Perioperative protocol: percentage of patients who have canceled or delayed non-high-risk surgical procedures due to incomplete preoperative basic health assessment documentation.

Card R, Sawyer M, Degnan B, Harder K, Kemper J, Marshall M, Matteson M, Roemer R, Schuller-Bebus G, Swanson C, Stultz J, Sypura W, Terrell C, Varela N. Perioperative protocol. Health care protocol. Bloomington (MN): Institute for Clinical Systems Improvement (ICSI); 2014 Mar. 124 p. [124 references]

View the original measure documentation External Web Site Policy

This is the current release of the measure.

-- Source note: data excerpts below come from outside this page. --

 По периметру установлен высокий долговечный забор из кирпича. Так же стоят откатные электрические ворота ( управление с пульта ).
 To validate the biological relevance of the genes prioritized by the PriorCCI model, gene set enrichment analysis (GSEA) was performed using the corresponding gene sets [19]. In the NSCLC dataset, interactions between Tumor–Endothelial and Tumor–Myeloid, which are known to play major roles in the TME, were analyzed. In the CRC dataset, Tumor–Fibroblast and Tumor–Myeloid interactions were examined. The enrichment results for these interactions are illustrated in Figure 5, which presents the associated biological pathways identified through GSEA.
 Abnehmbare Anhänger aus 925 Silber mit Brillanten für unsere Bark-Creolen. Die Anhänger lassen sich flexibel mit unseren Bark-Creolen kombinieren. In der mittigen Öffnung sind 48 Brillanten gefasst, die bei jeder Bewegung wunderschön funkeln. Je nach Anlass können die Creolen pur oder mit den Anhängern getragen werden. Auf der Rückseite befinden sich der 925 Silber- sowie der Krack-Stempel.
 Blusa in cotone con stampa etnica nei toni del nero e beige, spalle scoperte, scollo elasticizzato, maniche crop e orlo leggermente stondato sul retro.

This measure updates a previous version: Danielson D, Bjork K, Card R, Foreman J, Harper C, Roemer R, Stultz J, Sypura W, Thompson S, Webb B. Preoperative evaluation. Bloomington (MN): Institute for Clinical Systems Improvement (ICSI); 2012 Jul. 61 p.

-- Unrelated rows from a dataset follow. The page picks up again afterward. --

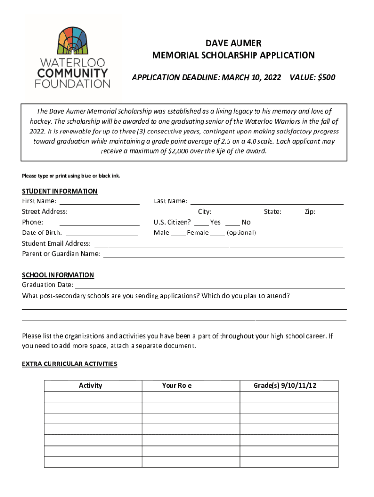 DAVE AUGER MEMORIAL SCHOLARSHIP APPLICATION DEADLINE: MARCH 10, 2022, VALUE: $500The Dave Auger Memorial Scholarship was established as a living legacy to his memory and love of hockey. The scholarship
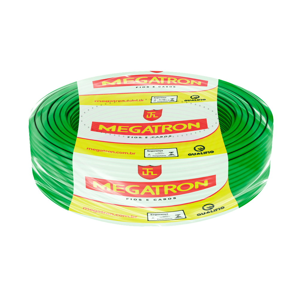Economia de R$ 29,08O Cabo Flexível da Megatron é um condutor de 1,5mm² na cor Verde, bitola padrão para circuitos de iluminação e obrigatória para uso como condutor de proteção (terra - PE). Fabricado com condutor de cobre nu, têmpera mole, Classe 4, e isolação em PVC 70°C anti-chama, este cabo de 750V assegura durabilidade e segurança na proteção. É comercializado em rolos de 100 metros, segue a norma NBR NM 247-3 e possui certificação INMETRO.
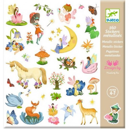 Une pochette de 160 stickers métallisés sur le thème de la fantasy. Lutins, fées, licorne et esprits de la forêt…
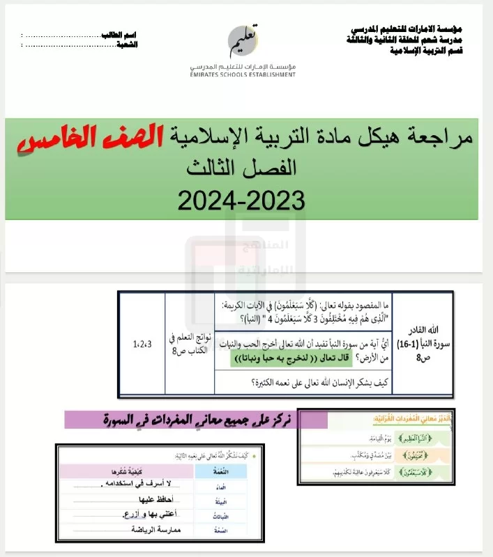 معلومات الملف: نرفق لكم ملف يتضمن أسئلة مراجعة امتحانية وفق الهيكل الوزاري من مادة التربية الاسلامية للصف الخامس الفصل الدراسي الثالث للعام الدراسي 2023-2024 | ||

The measure developer reaffirmed the currency of this measure in January 2016.

Primary Measure Domain

Clinical Quality Measures: Process

Secondary Measure Domain

Does not apply to this measure

Description

This measure is used to assess the percentage of patients age two years and older who have canceled or delayed non-high-risk surgical procedures due to incomplete preoperative basic health assessment documentation.

Rationale

The priority aim addressed by this measure is to decrease the percentage of patients age two years and older who have canceled or delayed elective, non-high-risk surgical procedures due to incomplete preoperative basic health assessment and ineffective communication between clinicians.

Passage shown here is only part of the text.